Measurement of oxLDL in human plasma samples

The levels of oxLDL in the plasma from the NonP, NP, LPE, and EPE groups were determined using a sandwich ELISA kit (Immunodiagnostik, Bensheim, Germany), according to the manufacturers' instructions. Measurements were performed in duplicate and were averaged.

Animals

Female Sprague-Dawley virgin nonpregnant rats (12–14 wk; 250–300 g) or female Sprague-Dawley pregnant rats (d 5; 12–14 wk, 250–300 g) were purchased from Charles River (Saint-Constant, QB, Canada). Animals were housed in the animal care facility, an Association for Assessment and Accreditation of Laboratory Animal Care-accredited facility. Animals had access to food and water ad libitum and were maintained on a 12-h light-dark cycle.
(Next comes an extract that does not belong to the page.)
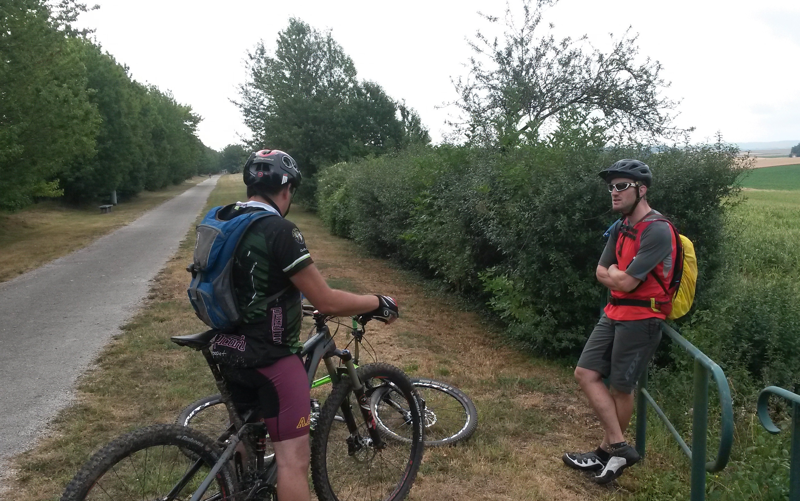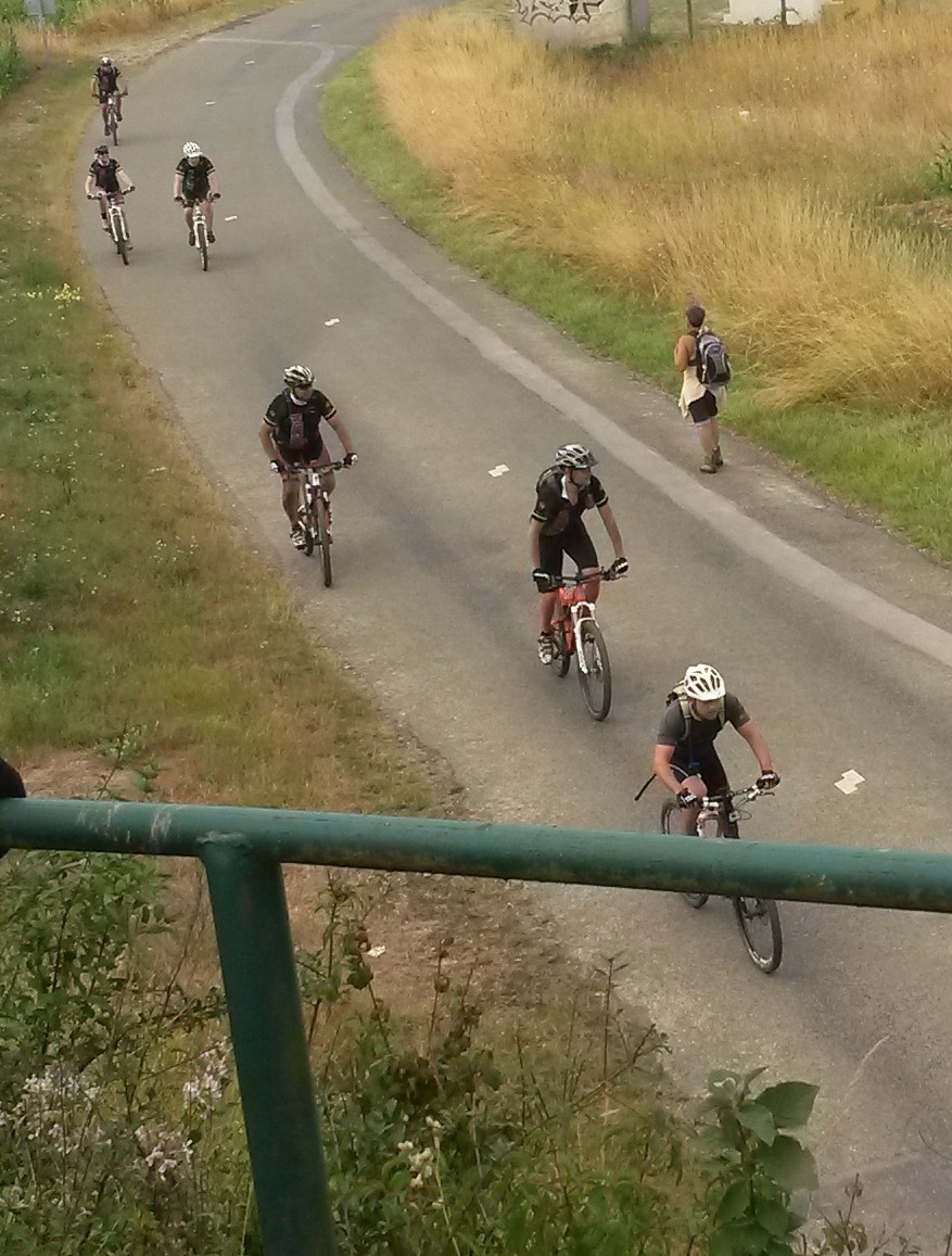 Nous repartirons en groupe avec encore beaucoup de passage entre les champs ce qui gache un peu les parties en sous bois bien agréable dont une belle descente ou avec King, Kuc, Kevin on s’emballera et on manquera de louper une flèche mais de notre faute on avait décidé autrement au vu d’une belle marche pour un tit jump sympa

The animal studies were approved by the Institutional Animal Care and Use Committee of the University of Vermont and complied with the U.S. National Institutes of Health Guide for the Care and Use of Laboratory Animals.

High-cholesterol rat model

On d 6 of pregnancy, rats were divided into a late-pregnancy control (LP-CTL) group (n=8) and a late-pregnancy, high-cholesterol (LP-HC) treatment group (n=8). The LP-CTL group received Prolab 3000 rodent chow (PMI Nutrition International, St. Louis, MO, USA) for 14 d. The LP-HC group received a 14-d diet consisting of Prolab 3000 rodent chow, including 2% cholesterol and 0.5% cholic acid (added to lower hepatic clearance of cholesterol) to increase total and LDL-cholesterol. Experimentation was done on d 14 of the diet, which equaled d 20 of pregnancy in all animals. Pups and placentas were weight averaged per animal.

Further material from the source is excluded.